Ryan was amazed that her fellatio sequence generated outrage – she liked the guy! She also wanted to go home early. But it revealed something wider: a strategic rigidity around sex, a sense that the consequence of the #MeToo movement was outward chastity. “I’ve always found this notable, in debates about sex, consent and exploitation, the people who fail to grasp the nuance of it. Therefore if this is abuse, why isn’t that abuse?” She mentions the linking of certain remarks to lyrics in popular music. “They said: ‘Well, how’s that dissimilar?’ I thought: ‘How is it comparable?’”

She would not have relocated to London in 2008 had it not been for her romantic interest. “Everyone said: ‘Don’t go to London, they have pests there.’ And I disliked it, because I was immediately struggling.”

‘I knew I had material’

She got a job in sales, was told she had lupus, which can sometimes make it hard to get pregnant, and at 23, chose to try to have a baby. “When you’re first informed about something – I was quite sick at the time – you go to the most negative outcome. My rationale with my boyfriend was, we’ve had so many ups and downs, if we haven’t split up by now, we never will. Now I see how extended life is, and how many things can alter. But at 23, I couldn’t see it.” She was able to get pregnant and had Violet.

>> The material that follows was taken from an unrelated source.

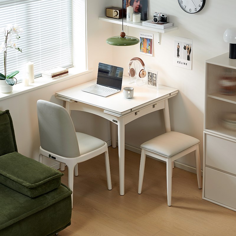 可伸缩式餐桌家用小户型奶油风多功能省空间简约白色岩板吃饭桌子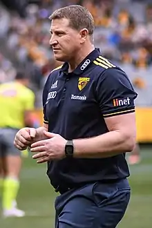 He was an assistant coach of the West Coast Eagles from 2008 to 2013. On 8 October 2013, after missing out on the West Coast Eagles head coach job to Adam Simpson he accepted an offer to return to Collingwood as an assistant coach under head coach Nathan Buckley. After four years as Collingwood's midfield coach, Burns accepted an assistant coach position at Hawthorn.[3] After serving as Hawthorn's midfield coach for the 2018 AFL season, Burns served as Hawthorn's forwards coach for the 2019 AFL season.[4] On 23 September 2020 It was announced that Burns would take on the role of Senior Assistant Coach for the Adelaide Football Club.[5]

The following period sounds as white-knuckle as a chaotic comedy film. While on maternity leave, she would take care of Violet in the day and try to make her way in standup in the evening, carrying her daughter with her. She was aware from her sales job that she had no problem winning people over, and she had faith in her fast thinking from her time at Hooters; more than that, she says simply, “I felt sure I had comedy.” The whole industry was riddled with bias – she won a prestigious comedy award in 2008, just over a year after she’d started performing, a prize that was established in the context of a persistent debate about whether women could be funny

Matthew Higgins
Matthew Higgins

A passionate gamer and tech enthusiast with over a decade of experience in game journalism and community building.